TASK OBJECTIVE — Output the records exactly, and drop each picture.

GIVEN DATA —
........
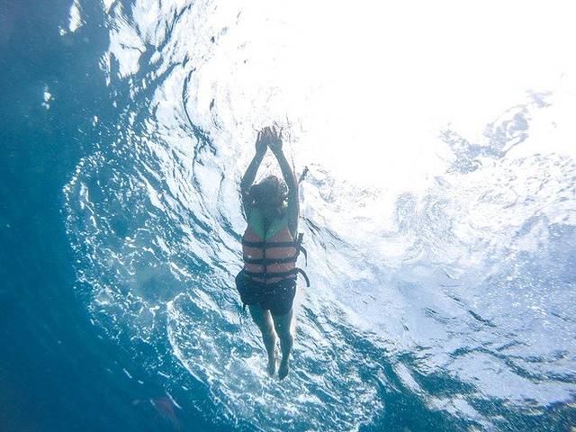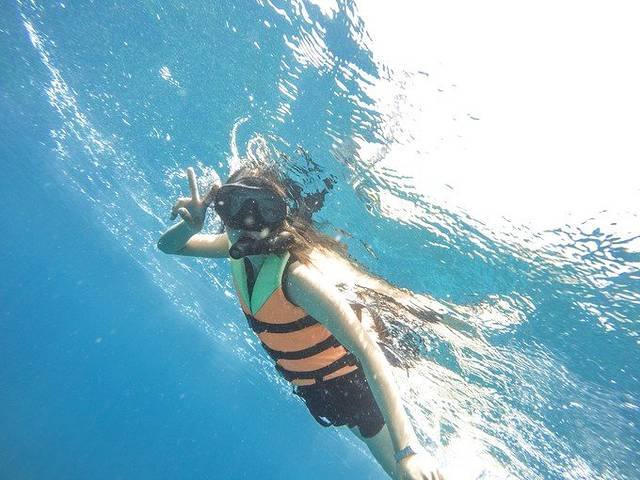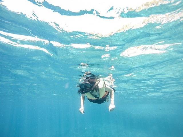 不会游泳的人不用烦恼的,可以尝试浮潜,穿上救生衣,把着救生圈,教练会陪着你去看海底世界的。我会游泳,所以戴好面镜和呼吸管,就自个儿入水了。我真的得好好说说看到清晰的海底世界的第一印象!
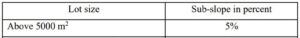 The maximum permitted height, measured from the pavement level to the middle of the lot frontage, is 14m for all sectors. These heights allow for under-slopes of 2.80m in height and a maximum percentage of the covered area of:
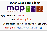Dự án lập bản đồ cho bệnh sốt rét, viết tắt là MAP_Malaria Atlas Project là một dự án phi lợi nhuận được tổ chức Wellcome Trust, Anh tài trợ trong 5 năm. MAP là một dự án liên kết giữa Nhóm Sức khoẻ cộng đồng và Dịch tễ học, thuộc Trung tâm y học địa lý Kenya và nhóm Sinh thái học và Dịch tễ học không gian, thuộc Đại học Oxford, Anh với các điểm hợp tác vệ tinh ở châu Mỹ và châu Á Thái Bình Dương. Dự án MAP cũng còn được xem dưới một tên gọi cụ thể hơn với mục đích rõ ràng hơn là Phát cũng như xây dựng nên các bản đồ toàn cầu của nguy cơ sốt rét (Developing Global Maps of Malaria Risk) do tiến sĩ Simon I Hay và tiến sĩ Bob W Snow điều hành.
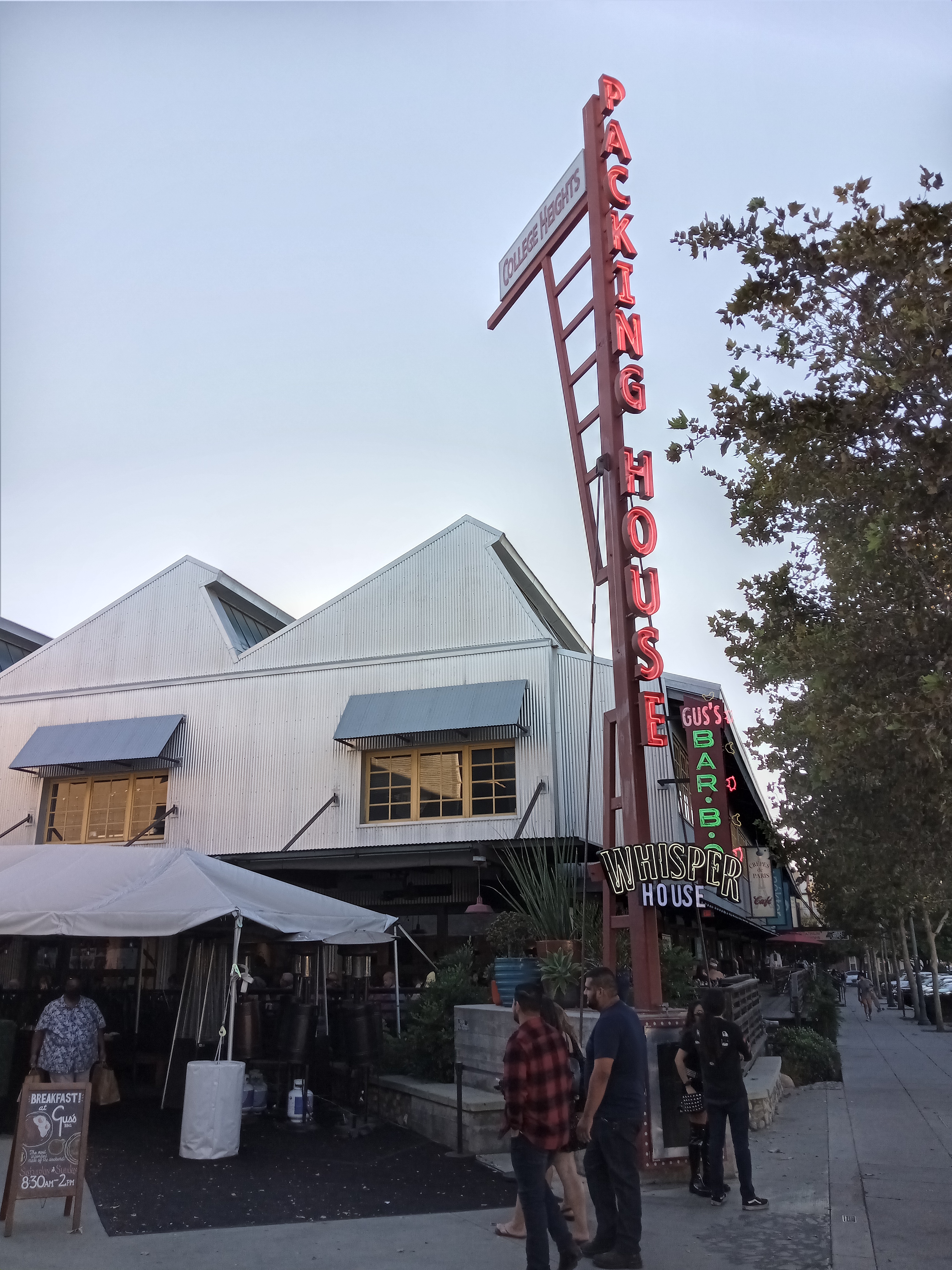 Returning to the train station, Claremont “Village” (or Downtown Claremont if you prefer) has plenty of nice shops and restaurants to enjoy. As the day comes to a close, an excellent place to eat while you wait for your train back is the Claremont Packing House, which sits on 1st Street just a couple blocks west of the Metrolink station. This part of Claremont is a bustling business district, with an outdoor mall, Village Square, across the street. The Packing House is a former citrus packing warehouse where produce from the numerous citrus groves of the Pomona Valley was brought and packed for shipment by rail. Today, it has been refurbished into a dining and entertainment center, with some historic displays and community functions like an art center and a bookstore inside.
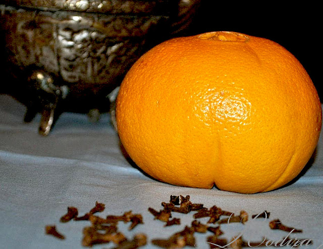 Берёте апельсин (или апельсины - смотря сколько Вы будете делать "Гвоздичных апельстинов" и втыкаете в него гвоздичные бутоны - чем больше, тем душистее у Вас получится апельсин.
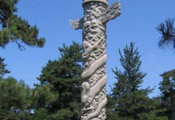 漢白玉浮雕龍盤石柱子在寺院門口擺放的藝術(shù)之美
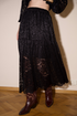 Spódnica Selva w czerni to mroczna elegancja w lekkiej formie. Została wykonana z delikatnej koronki, lekko prześwituje w świetle – a dzięki krótszej podszewce subtelnie eksponuje nogi, dodając stylizacji lekkości i zmysłowości. Jej wydłużony krój świetnie współgra zarówno z botkami, trampkami jak i kozakami, dodając lekkości każdemu krokowi. Idealna na wieczorne wyjścia, jesienne spacery i dni, kiedy każdy ruch będzie wyglądał jak scena z filmu
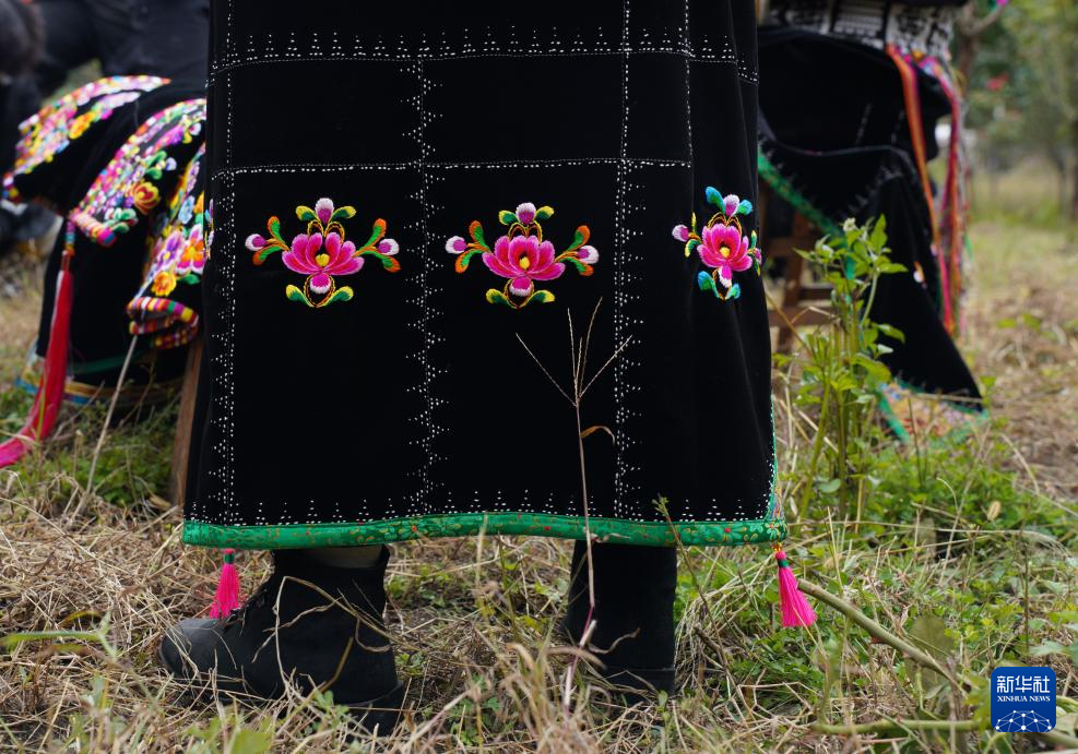 这是10月12日在四川省甘孜藏族自治州丹巴县巴底镇色足村拍摄的嘉绒藏族刺绣后围裙局部。
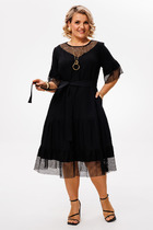 Платье с центральной потайной застежкой на петли и пуговицы, с втачным воротником с отрезной стойкой. По полочкам на уровне линии груди расположены клапаны, на уровне линии бедер- накладные карманы с клапанами. Рукав втачной, короткий. Платье со съемным поясом. По боковым швам расположены шлевки для пояса.
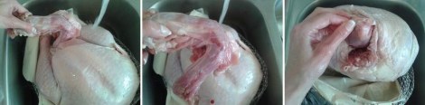 Now for the grody part: remove the neck and giblets and gravy packet and whatever other stuff they’ve crammed into this poor bird’s orifices. Check both ends. Wash the turkey with cool running water (inside and out) until the water runs clear. [Ew. But worth it.]
........
RESULT BELOW —
 不会游泳的人不用烦恼的,可以尝试浮潜,穿上救生衣,把着救生圈,教练会陪着你去看海底世界的。我会游泳,所以戴好面镜和呼吸管,就自个儿入水了。我真的得好好说说看到清晰的海底世界的第一印象!
 The maximum permitted height, measured from the pavement level to the middle of the lot frontage, is 14m for all sectors. These heights allow for under-slopes of 2.80m in height and a maximum percentage of the covered area of:
Dự án lập bản đồ cho bệnh sốt rét, viết tắt là MAP_Malaria Atlas Project là một dự án phi lợi nhuận được tổ chức Wellcome Trust, Anh tài trợ trong 5 năm. MAP là một dự án liên kết giữa Nhóm Sức khoẻ cộng đồng và Dịch tễ học, thuộc Trung tâm y học địa lý Kenya và nhóm Sinh thái học và Dịch tễ học không gian, thuộc Đại học Oxford, Anh với các điểm hợp tác vệ tinh ở châu Mỹ và châu Á Thái Bình Dương. Dự án MAP cũng còn được xem dưới một tên gọi cụ thể hơn với mục đích rõ ràng hơn là Phát cũng như xây dựng nên các bản đồ toàn cầu của nguy cơ sốt rét (Developing Global Maps of Malaria Risk) do tiến sĩ Simon I Hay và tiến sĩ Bob W Snow điều hành.
 Returning to the train station, Claremont “Village” (or Downtown Claremont if you prefer) has plenty of nice shops and restaurants to enjoy. As the day comes to a close, an excellent place to eat while you wait for your train back is the Claremont Packing House, which sits on 1st Street just a couple blocks west of the Metrolink station. This part of Claremont is a bustling business district, with an outdoor mall, Village Square, across the street. The Packing House is a former citrus packing warehouse where produce from the numerous citrus groves of the Pomona Valley was brought and packed for shipment by rail. Today, it has been refurbished into a dining and entertainment center, with some historic displays and community functions like an art center and a bookstore inside.
 Берёте апельсин (или апельсины - смотря сколько Вы будете делать "Гвоздичных апельстинов" и втыкаете в него гвоздичные бутоны - чем больше, тем душистее у Вас получится апельсин.
 漢白玉浮雕龍盤石柱子在寺院門口擺放的藝術(shù)之美
 Spódnica Selva w czerni to mroczna elegancja w lekkiej formie. Została wykonana z delikatnej koronki, lekko prześwituje w świetle – a dzięki krótszej podszewce subtelnie eksponuje nogi, dodając stylizacji lekkości i zmysłowości. Jej wydłużony krój świetnie współgra zarówno z botkami, trampkami jak i kozakami, dodając lekkości każdemu krokowi. Idealna na wieczorne wyjścia, jesienne spacery i dni, kiedy każdy ruch będzie wyglądał jak scena z filmu
 这是10月12日在四川省甘孜藏族自治州丹巴县巴底镇色足村拍摄的嘉绒藏族刺绣后围裙局部。
 Платье с центральной потайной застежкой на петли и пуговицы, с втачным воротником с отрезной стойкой. По полочкам на уровне линии груди расположены клапаны, на уровне линии бедер- накладные карманы с клапанами. Рукав втачной, короткий. Платье со съемным поясом. По боковым швам расположены шлевки для пояса.
 Now for the grody part: remove the neck and giblets and gravy packet and whatever other stuff they’ve crammed into this poor bird’s orifices. Check both ends. Wash the turkey with cool running water (inside and out) until the water runs clear. [Ew. But worth it.]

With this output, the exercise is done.